Another relevant issue at this instance, is property investment and valuation, as the case is that the unprecedented market uncertainty has caused major property investment funds to freeze their assets or sell, as seen with Land Securities previously mentioned. Rental valuations are usually undertaken through the use of a comparable valuation method, whose absence means that valuers have to find ways to transact and trade in a world where there are no direct comparables.
A suggested solution to valuation issues has been an adoption of turnover or profit-sharing rent, which may be suitable for a tenant who has been able to resume work or trading to some extent, despite the economic pitfalls brought about by the pandemic. In such a scenario, the parties will be able to share the benefit of the funds by opting for a turnover rent rather than a fixed rent reserved by the agreement. This would primarily depend on commercial negotiation. This solution does face some uncertainty, as it would require the court to determine rent by reference to a formula as opposed to the process of valuation. What is certain, however, is that payment concessions in the form of reductions and rent deferrals will be fertile sources for future disputes.

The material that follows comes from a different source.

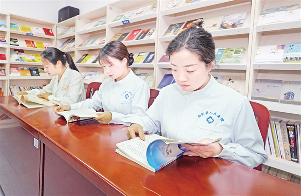 4月23日,白河縣人民醫院護士利用工作間隙在圖書角專注閱讀。(伍渭康 攝)??
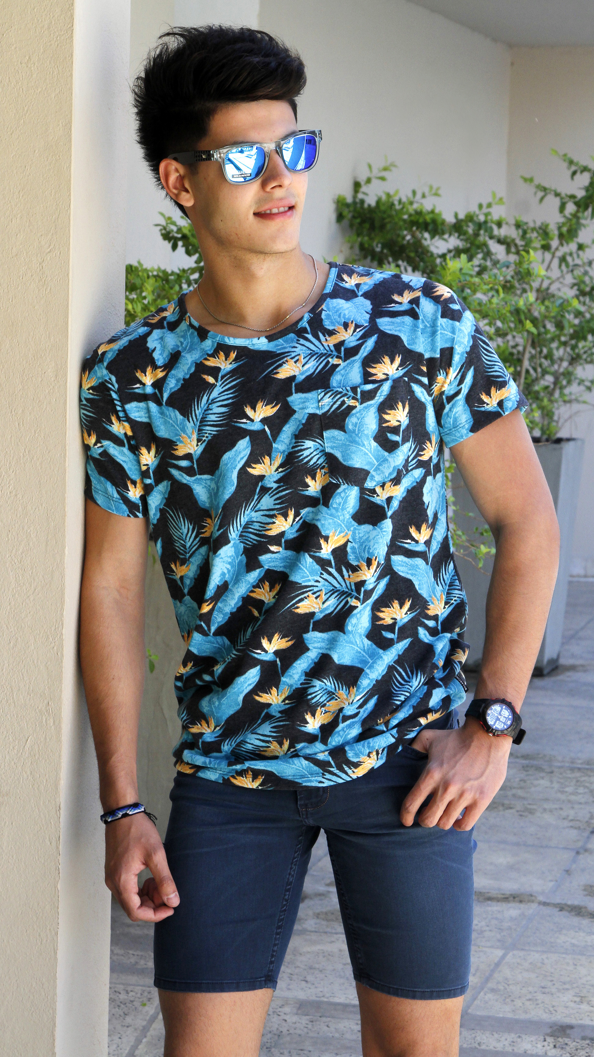 Bermuda de jean elastizada ($1.250, Vulk), con una remera estampada chupín ($650, Billabong) y unos anteojos espejados ($1.350, Vulk).

What the future of the market looks like
Realistically speaking, reshaping the structure of cities to such a fundamental level may not be viable simply because rural infrastructure cannot accommodate a mass movement of people out of cities. Predictions that high-rise buildings will shrink or disappear have been deemed unfounded. The takeaway point is that, whilst Covid-19 has disrupted the pace of working, buildings will nonetheless adapt, employ technology, and restructure their layouts to meet the demand of the people who live and work within them.